Most of the "'advice" you have posted here is completely wrong. For starters, people filing bankruptcy have to include all their debts and all their assets, so that would include the house. However, that does not mean they have to surrender exempt assets.
You are right in your assumptions about Chapter 7, except that the bankruptcy stay may be lifted sooner than the discharge date if the creditor files a Motion for Relief from Stay. It may be that your friend misunderstood what the attorney told her. Many people fle Chapter 7 who have no intention of surrendering the house. It does not preclude them if doneproperly from litigating over the house and the foreclosure, however it sounds like she will need the services of an attorney who is knowledgable about foreclosure litigation to assist her, since a Chapter 7 does nothing to change the foreclosure situation other than a temporary stay.
On the other hand, the Orlando Division of the bankruptcy court has a worthwhile mediation program in place in Chapter 13 cases where the homestead real property is at issue. Your friend should not proceed without consulting an attorney who is knowledgable about Chapter 13 and how it would work for her, and who is familiar with the Orlando Division's mediation program.
You asked a lot of questions. The bankruptcy filing institutes the automatic stay which pauses any foreclosure, collection and other actions. The creditor, at any time, and regardless if the Debtor states he will reaffirm or not, can request that the automatic stay be lifted if certain parameters are met, which I won't go into detail here. So the creditor does not have to wait until the conclusion of the bankruptcy case and the issuance of a discharge before continuing foreclosure efforts. You can remain in the property until you are told to leave by the creditor.
At the risk of starting World War III, I am going to disagree with Ms. Golant's typically detailed and accurate response in one respect--I do not believe that most of the 3 other responses are incorrect. Some things are open to interpretation, use of words.

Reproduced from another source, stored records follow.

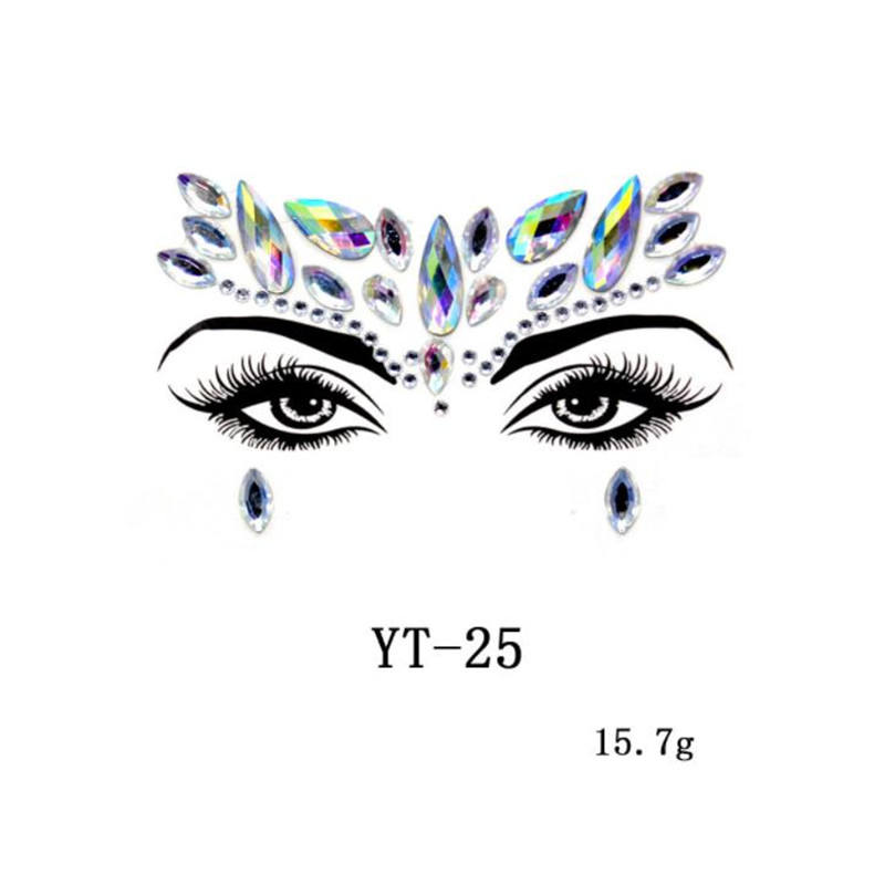 สติกเกอร์อัญมณีสำหรับใบหน้าแบบมีกาวในตัวสำหรับแต่งหน้าติดบนใบหน้าด้วยเม็ดเพชรสีแบบแฟนซี
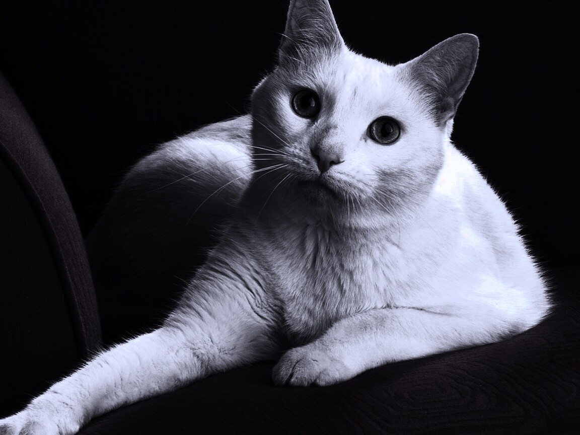 Обои для рабочего стола «Белой кот на красном диване» 1152х864 с фильтром gotham (оригинал 1680х1050)
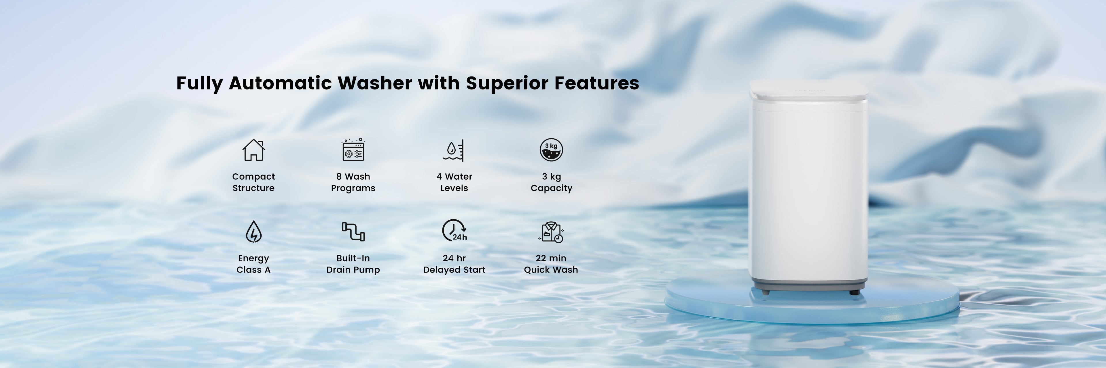 With a dimension of only 42 x 45.5 x 75 cm, this washing machine is perfect for dorms, apartments and other limited spaces. Its stainless steel tub easily handles 3 kg of laundry, meeting the daily laundry needs of single dwellers or smaller families.
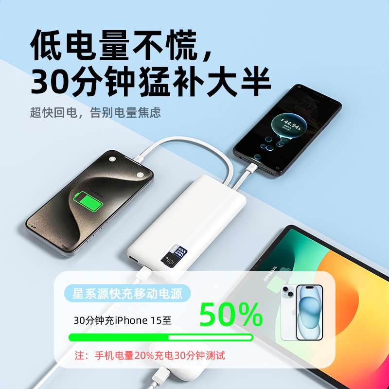 星系源新国标3C认证可登机自带线22.5W快充充电宝10000/20000mahPD快充移动电源适用华为苹果iPhone17/16/15
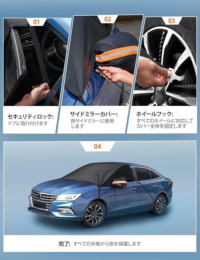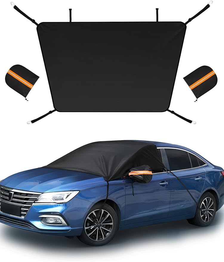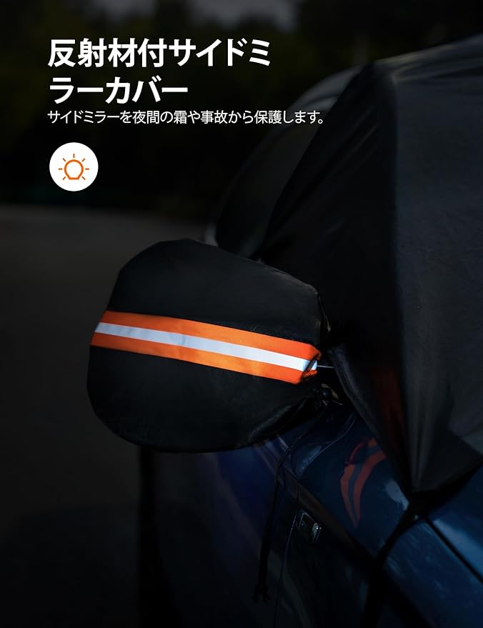 冬に強い保護機能:220 x 140 x 180cm、広い範囲をカバーしてフロントガラス、ドアの窓、ワイパーの保護機能を強化。PEVA素材、100%撥水、不織綿のライニングが表面を傷から保護します。フロントガラスカバーは氷や雪だけではなく、雨、霜、日光、ほこり、落ち葉、鳥のフンなどから保護します。
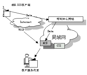 國際上一些先進的 呼叫中心產品供應商現(xiàn)在已經把 Web 技術引入到他們的產品中了。通過屏幕上的一個按鈕可以利用 Internet 電話把客戶和呼叫中心連接起來?蛻羰褂靡粋很普通的帶有麥克風﹑聲卡以及傳輸速率不小于 28.8 kbps 的Modem 的多媒體 PC 機,并配有 Web 瀏覽器以及與 H.323兼容的應用軟件就可以利用把他們連接到 Web 站點的那條電話線與呼叫中心的座席員交談。其簡單示意圖如下:

Here is the olive branch, I do not believe that your question can be accurately answered in an Avvo-setting. You need to consult with an attorney, face to face, and not rely on 3rd hand information filtered by what your friend believes her attorney told her. That would mean you are relying on the attorney's advise as it was filtered by the capacity of your friend to absorb.
As noted by one of the attorneys, a bank does not have to wait til the Chapter 7 proceeding is over before resuming the foreclosure process in state court. If a foreclosing bank is well organized, they act quickly, and their attorney uses negative notice in the motion, without a valid objection to the bank getting stay relief [permission from the bankruptcy court judge to the bank to allow the bank to proceed in state court], the bank could start up the foreclosure process in state court within 30 days from the date of the filing of the bankruptcy, even though the Chapter 7 proceeding might last another 2-3 months.
As noted by one of the attorneys, the time it would take to complete the state court foreclosure process might be many many months. A recent article from a real estate analyst
estimates that the average time for a foreclosure to take from start to finish to be about 2 years. The creditor getting stay relief does not mean that the foreclosure is a snap-your-fingers over and done matter.
And, speaking of stay relief in general, there are instances of attorneys objecting to stay relief using the same basis that have been asserted in the defense of the foreclosure, but the difference being that the bankruptcy court judges are not acting under pressure from the legislature to push foreclosures through the Court system. As a result, the rules of discovery and the bank's attorneys' conduct must toe the line when it comes to providing documents, explaining how they were assigned the note and mortgage, ensuring that the proper records custodians are used, and so forth. Or, to put it another way, the bankruptcy judges will not tolerate the game-playing that goes on in state court.
As I say, a face-to-face meeting with an attorney is essential for you to have a direct and accurate resource upon which to rely when making your decisions.
All liabilities must be listed and, hence, are "included in the bankruptcy." Perhaps what is meant is that the home was surrendered in the bankruptcy. The stay can be lifted early as others have described. The owner-debtor has the legal right to stay in the home until title is passed out of his/her name. This usually occurs by court certificate after the bankruptcy is completed and can take several months to years depending on how promptly (or not) the lender proceeds.
As long as the debtor's name is on the property, he/she MAY be responsible for maintenance (or big fines) by governmental authorities and premises liability even though he/she has vacated.
Other options to explore with a knowledgeable attorney:
1) Short sale to remove title from debtors name.
2) Removal of the mortgage and debt by quiet title if debt was securitized by bank.
What is said above is only partially true.
Will it show up on your credit as a foreclosure? Yes. They disclose how they obtained the collateral.
Can they report missed payments? No.